NMR studies of electron carrier proteins from sulphate reducing bacteria.

The sulphate-reducing bacteria have a complex electron transfer system which leads to the reduction of sulphate by oxidation of either organic substrates or molecular hydrogen. These bacteria can either produce or consume molecular hydrogen. The central part of this electron pathway for Desulovibrio gigas is constituted by hydrogenase (3 X (4Fe-4S)). cytochrome c3 (4 haems with different redox potentials) and a one (4Fe-4S) cluster ferredoxin. This ferredoxin is isolated in different oligomeric forms, which stabilize different oxidation states and have different physiological roles; the trimer FdI being involved in the production of H2 and the tetramer FdII being more efficient for the consumption of H2. The presence of intrinsic probes (the iron ions) in these proteins is particularly helpful for structural studies using NMR spectroscopy.

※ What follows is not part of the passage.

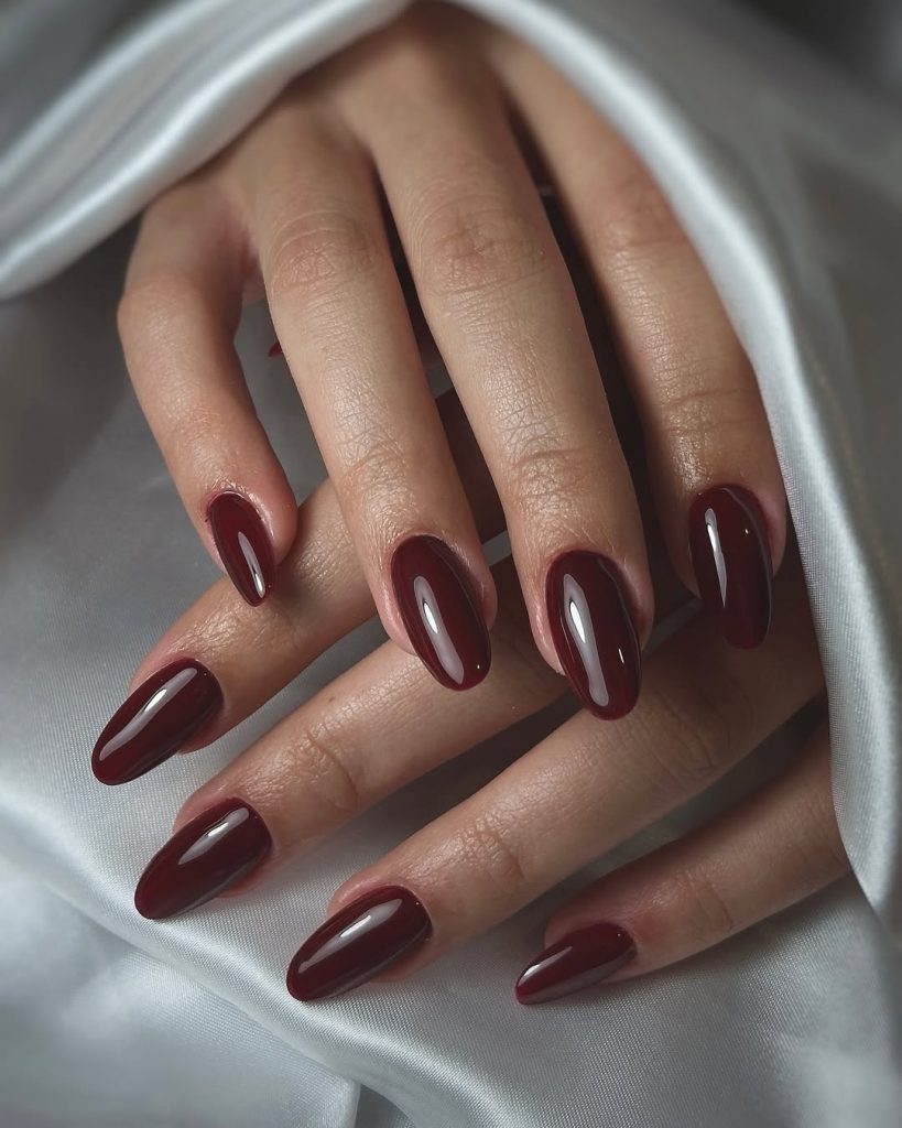 20. Classic Dark Cherry Red Almond Polish

These studies allowed a characterization of the oxidation states used by the different oligomers of the ferredoxin and obtaintion of structural information on multi-haem cytochromes (c3 and c7). NMR is also suitable to study protein-protein interaction. The study of the complex formed between FdII and cytochrome c3 has shown that there is an alteration of the kinetics of electron transfer upon complexation.